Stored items
◇ ◇ ◇ ◇

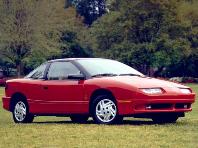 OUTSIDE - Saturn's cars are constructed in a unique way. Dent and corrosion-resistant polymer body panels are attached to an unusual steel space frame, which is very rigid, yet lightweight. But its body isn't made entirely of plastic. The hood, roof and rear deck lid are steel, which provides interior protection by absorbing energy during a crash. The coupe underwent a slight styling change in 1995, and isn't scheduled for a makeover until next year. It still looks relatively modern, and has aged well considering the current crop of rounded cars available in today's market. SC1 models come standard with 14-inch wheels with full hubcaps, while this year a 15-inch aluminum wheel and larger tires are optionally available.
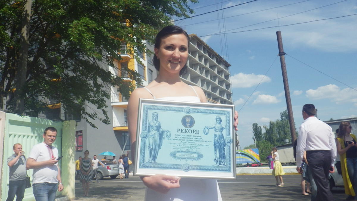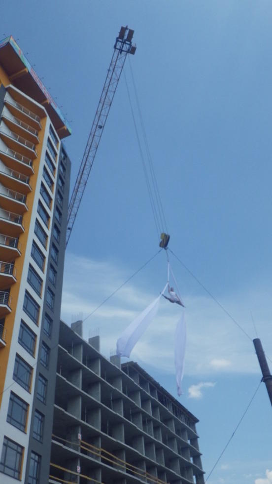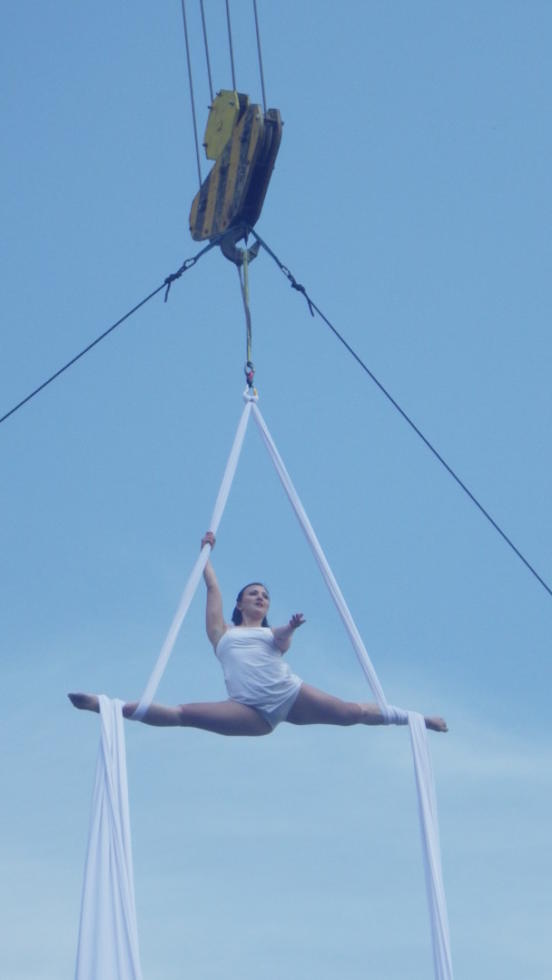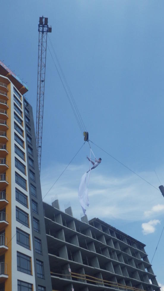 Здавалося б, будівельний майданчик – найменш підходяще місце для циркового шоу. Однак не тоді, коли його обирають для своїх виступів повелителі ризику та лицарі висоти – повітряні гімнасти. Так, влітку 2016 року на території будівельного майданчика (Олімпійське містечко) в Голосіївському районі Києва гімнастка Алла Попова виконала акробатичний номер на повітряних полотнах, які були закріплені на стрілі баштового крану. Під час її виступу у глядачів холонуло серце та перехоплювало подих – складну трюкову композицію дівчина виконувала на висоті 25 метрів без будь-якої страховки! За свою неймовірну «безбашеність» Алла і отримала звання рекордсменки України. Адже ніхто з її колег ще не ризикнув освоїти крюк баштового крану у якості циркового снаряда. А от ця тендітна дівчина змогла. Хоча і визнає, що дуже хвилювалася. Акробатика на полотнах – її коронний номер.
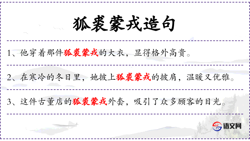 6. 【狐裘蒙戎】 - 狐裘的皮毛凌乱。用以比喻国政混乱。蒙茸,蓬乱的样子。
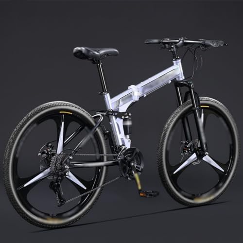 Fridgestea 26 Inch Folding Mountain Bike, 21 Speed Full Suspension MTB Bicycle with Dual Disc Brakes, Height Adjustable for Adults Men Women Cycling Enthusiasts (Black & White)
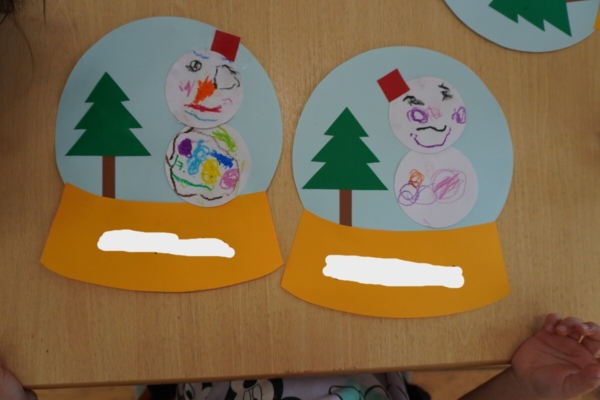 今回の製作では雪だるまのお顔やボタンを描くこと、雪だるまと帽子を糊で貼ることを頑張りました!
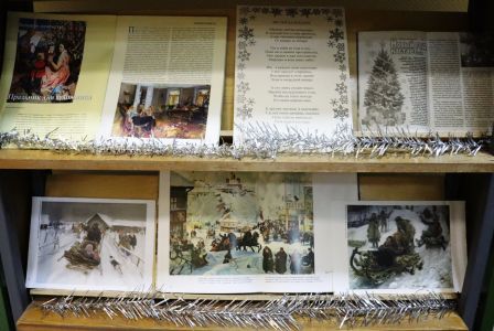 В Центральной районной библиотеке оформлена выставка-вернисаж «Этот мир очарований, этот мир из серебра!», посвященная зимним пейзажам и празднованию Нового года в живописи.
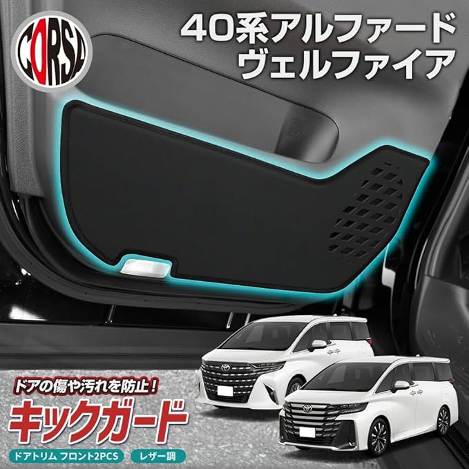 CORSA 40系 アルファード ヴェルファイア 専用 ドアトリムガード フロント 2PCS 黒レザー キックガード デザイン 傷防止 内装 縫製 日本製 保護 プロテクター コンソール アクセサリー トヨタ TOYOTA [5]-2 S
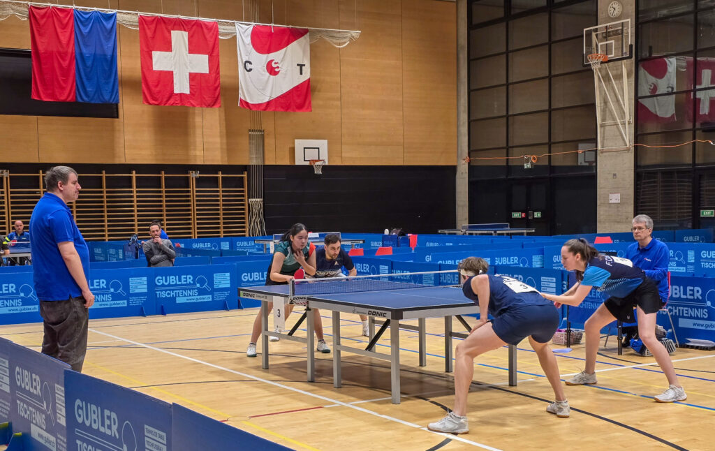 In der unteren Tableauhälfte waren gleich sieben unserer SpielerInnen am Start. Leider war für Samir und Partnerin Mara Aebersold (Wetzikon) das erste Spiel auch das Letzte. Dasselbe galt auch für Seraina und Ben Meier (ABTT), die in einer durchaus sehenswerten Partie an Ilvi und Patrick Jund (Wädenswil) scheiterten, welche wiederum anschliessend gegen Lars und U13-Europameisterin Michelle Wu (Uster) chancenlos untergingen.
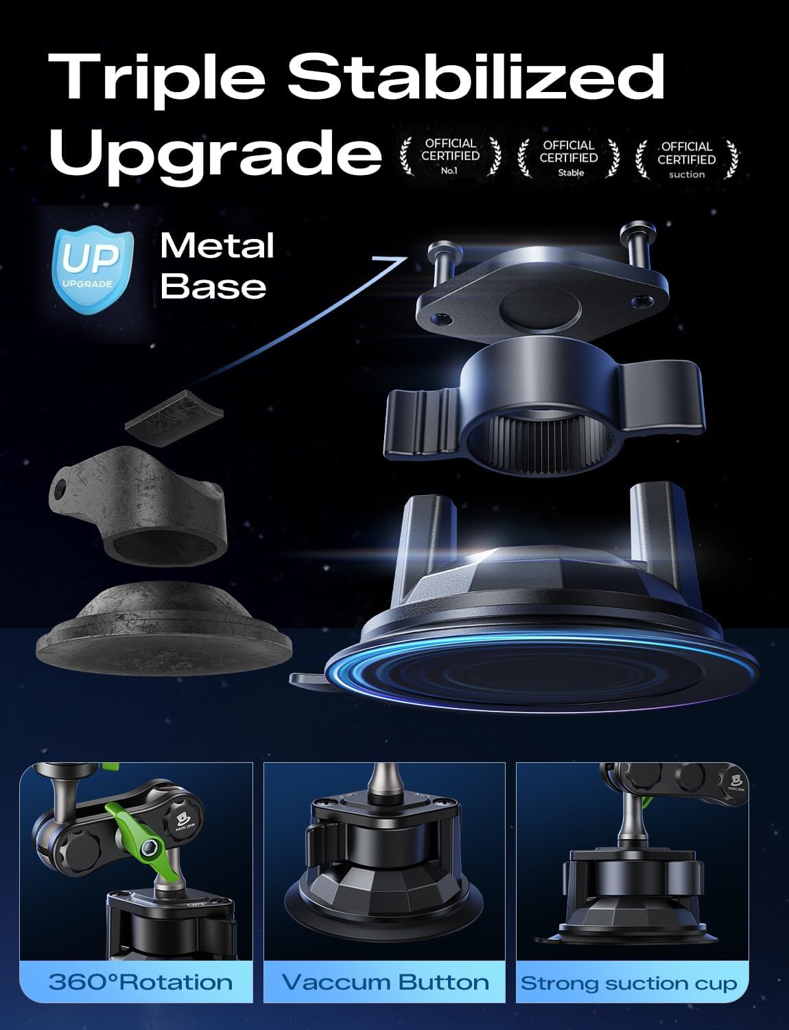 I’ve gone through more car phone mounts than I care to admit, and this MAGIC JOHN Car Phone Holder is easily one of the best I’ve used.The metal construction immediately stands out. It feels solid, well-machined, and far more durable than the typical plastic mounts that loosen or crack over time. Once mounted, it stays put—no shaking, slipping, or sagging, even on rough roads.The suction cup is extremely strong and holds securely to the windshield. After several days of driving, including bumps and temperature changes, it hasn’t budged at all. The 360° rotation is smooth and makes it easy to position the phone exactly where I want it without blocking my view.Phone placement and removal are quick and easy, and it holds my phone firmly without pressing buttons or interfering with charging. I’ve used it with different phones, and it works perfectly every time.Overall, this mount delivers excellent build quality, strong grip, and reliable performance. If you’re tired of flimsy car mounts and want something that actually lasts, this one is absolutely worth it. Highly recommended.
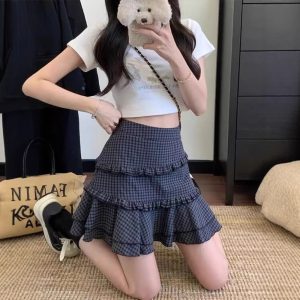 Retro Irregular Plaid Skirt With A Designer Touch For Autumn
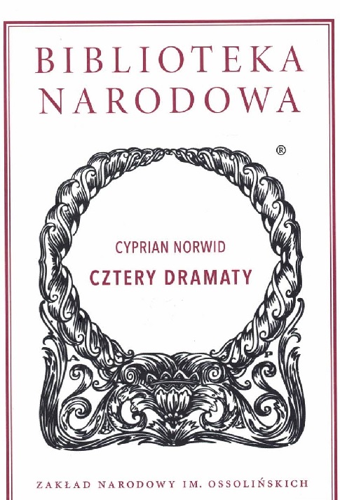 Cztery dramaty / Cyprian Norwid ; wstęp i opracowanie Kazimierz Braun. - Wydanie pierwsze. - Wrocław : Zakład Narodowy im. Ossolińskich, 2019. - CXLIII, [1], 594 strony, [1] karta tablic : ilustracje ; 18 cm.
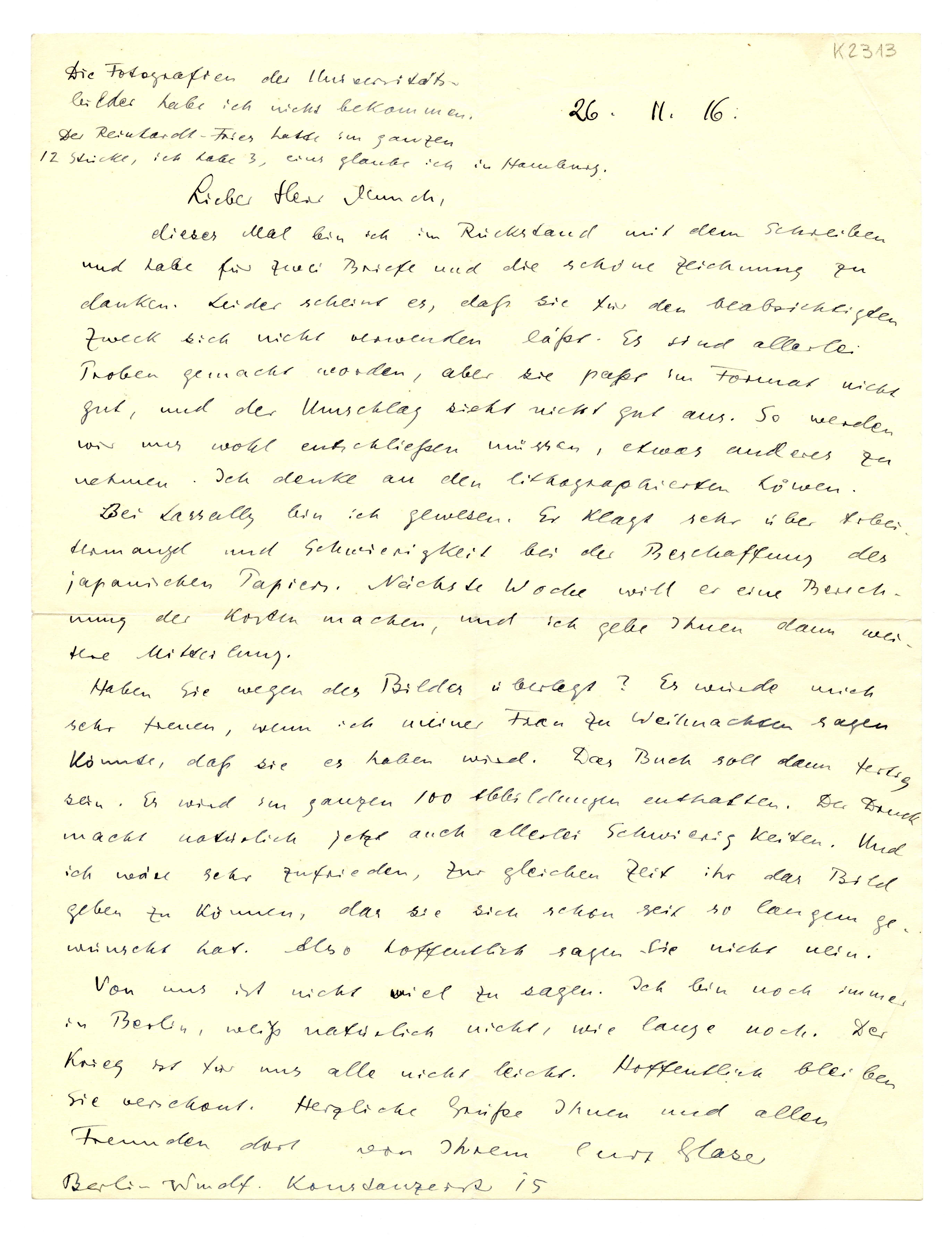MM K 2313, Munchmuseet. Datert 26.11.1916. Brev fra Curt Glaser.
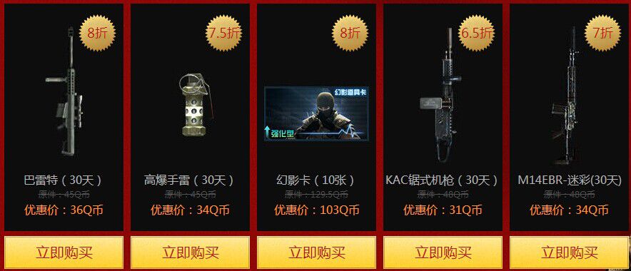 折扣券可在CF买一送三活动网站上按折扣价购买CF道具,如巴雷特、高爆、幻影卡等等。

◇ ◇ ◇ ◇

Work task -> Copy nothing but the lines above from the one with "6. 【狐裘蒙戎】 - 狐裘的皮毛凌乱。用以比喻国政混乱。蒙茸,蓬乱的样子。" to the one with "In der unteren", inclusive, word for word. Leave every picture out.

Answer to this task ->
 6. 【狐裘蒙戎】 - 狐裘的皮毛凌乱。用以比喻国政混乱。蒙茸,蓬乱的样子。
 Fridgestea 26 Inch Folding Mountain Bike, 21 Speed Full Suspension MTB Bicycle with Dual Disc Brakes, Height Adjustable for Adults Men Women Cycling Enthusiasts (Black & White)
 今回の製作では雪だるまのお顔やボタンを描くこと、雪だるまと帽子を糊で貼ることを頑張りました!
 В Центральной районной библиотеке оформлена выставка-вернисаж «Этот мир очарований, этот мир из серебра!», посвященная зимним пейзажам и празднованию Нового года в живописи.
 CORSA 40系 アルファード ヴェルファイア 専用 ドアトリムガード フロント 2PCS 黒レザー キックガード デザイン 傷防止 内装 縫製 日本製 保護 プロテクター コンソール アクセサリー トヨタ TOYOTA [5]-2 S
 In der unteren Tableauhälfte waren gleich sieben unserer SpielerInnen am Start. Leider war für Samir und Partnerin Mara Aebersold (Wetzikon) das erste Spiel auch das Letzte. Dasselbe galt auch für Seraina und Ben Meier (ABTT), die in einer durchaus sehenswerten Partie an Ilvi und Patrick Jund (Wädenswil) scheiterten, welche wiederum anschliessend gegen Lars und U13-Europameisterin Michelle Wu (Uster) chancenlos untergingen.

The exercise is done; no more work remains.